7. The memory of claim 3, the method further comprising:

receiving user input selecting a category that is attributed to an appropriate one of the sets of documents, the user input selecting the displayed visual indication of the selected category; and

causing, based at least in part on the receiving, information to be displayed that identifies at least a portion of the documents in the appropriate set of documents.

8. the memory of claim 3, the method further comprising:

Receiving user input selecting a category that is attributed to an appropriate one of the sets of documents, the user input submitting queries that match the selected category; and

9. A method in a computing system for attributing topic categories to documents in a collected collection of documents on behalf of a user, the method comprising:

for each document in the collection of documents,

Identifying one or more named entities referenced by the document;

For each of the identified named entities, obtaining an entity relationship graph representing relationships between the identified named entity and named entities directly or indirectly related to the identified named entity;

selecting entities that appear in at least some of the entity relationship graphs obtained for the named entities referenced by the document;

Attributing the selected entities to the document as direct categories;

Adding the obtained entity relationship graph to a set of entity relationship graphs;

Selecting entities that appear in at least some of the entity relationship graphs in the set of entity relationship graphs;

attributing the selected entities to documents whose entity relationship graph contains the selected entities as a common category;

Receiving user input selecting a category that is attributed to an appropriate one of the sets of documents; and

10. the method of claim 9, further comprising, for each of at least a portion of the collection of documents, causing information identifying a document in the collection of documents to be displayed with a visual indication for each direct category or common category attributed to the document.

11. the method of claim 9, wherein obtaining each entity relationship graph comprises constructing the entity relationship graph based on each individual relationship between a pair of named entities.
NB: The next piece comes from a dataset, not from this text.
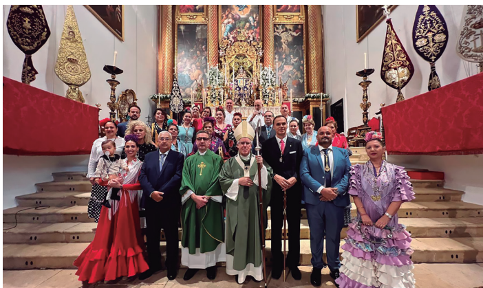
29 septiembre Eucaristía por el 50 aniversario de la Hermandad de Nuestra Señora del Rocío, de Lebrija.
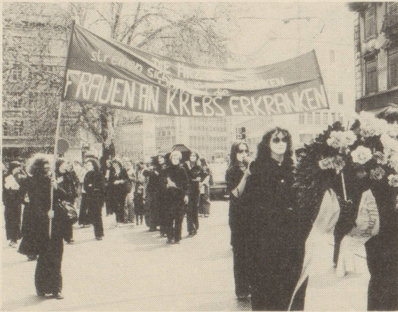
Unsere Muttertagsaktion in Zürich

Zu dieser Problematik vgl. unsere Broschüre "Lieber ein Mann und gesund als eine Frau und krank"!

12. the method of claim 9, further comprising adding documents to the collected collection of documents on behalf of the user by: adding the document to a reading list, adding the document to a bookmark list, or adding the document to a history list.
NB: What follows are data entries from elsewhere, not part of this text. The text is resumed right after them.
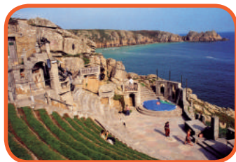
Cornwall - Minack Theatre
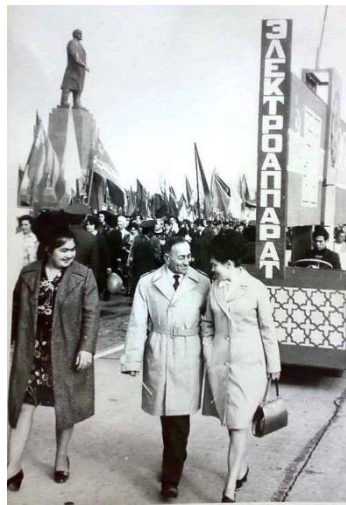
Отец во главе объединения на демонстрации

год специальность закрыли, и всю группу перевели в Казанский химико-технологический институт. После окончания она вернулась в Ташкент, но вскоре вышла замуж, и уехал в Самарканд - город, в котором родилась. Отец успешно продолжал директорствовать, и в середине 60-х годов по его инициативе завод был преобразован в НПО «Средазэлектроаппарат», первым Генеральным директором которого он и стал. Это было мощное предприятие с двумя заводами в Ташкенте, филиалами в Узбекистане, Таджикистане и Казахстане, с Научно-исследовательским институтом реле и автоматики, который также возглавил отец. Объединение выпускало
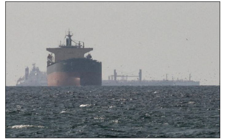
Navi da carico nel Golfo, nei pressi dello Stretto di Hormuz

Era stato il primo ministro del Pakistan, Shehbaz Sharif, a dare conto dell'intesa per una tregua, valida «ovunque, inclusi il Libano e altrove», aveva precisato. Discordanti, però, su quest'ultimo punto le dichiarazioni dell'ufficio del primo ministro israeliano, Benjamin Netanyahu. «Israele sostiene la decisione

13. the method of claim 9, further comprising:

14. The method of claim 9, wherein each of the obtained entity relationship graphs has a root and one or more leaves corresponding to the named entity referenced in a document in the document set, the method further comprising:

15. the method of claim 9, wherein each of the obtained entity relationship graphs has a root and one or more leaves corresponding to the named entity referenced in a document in the document set, the method further comprising:

integrating a set of root-to-leaf paths that appear in each of the entity relationship graphs of the set;

the following is done until the entity is selected:

randomly selecting a pair of root-to-leaf paths in the set of root-to-leaf paths;

If the pair of root-to-leaf paths have the same leaf entity:

if there are distinct entities that (a) appear in both root-to-leaf paths, (b) are farthest from the leaf of the path, and (c) are not already in an entity attributed to any document in the document set, then:

Determining how many root-to-leaf paths in the set contain the distinct entities;

selecting the distinct entity if the determined number of root-to-leaf paths exceeds a threshold.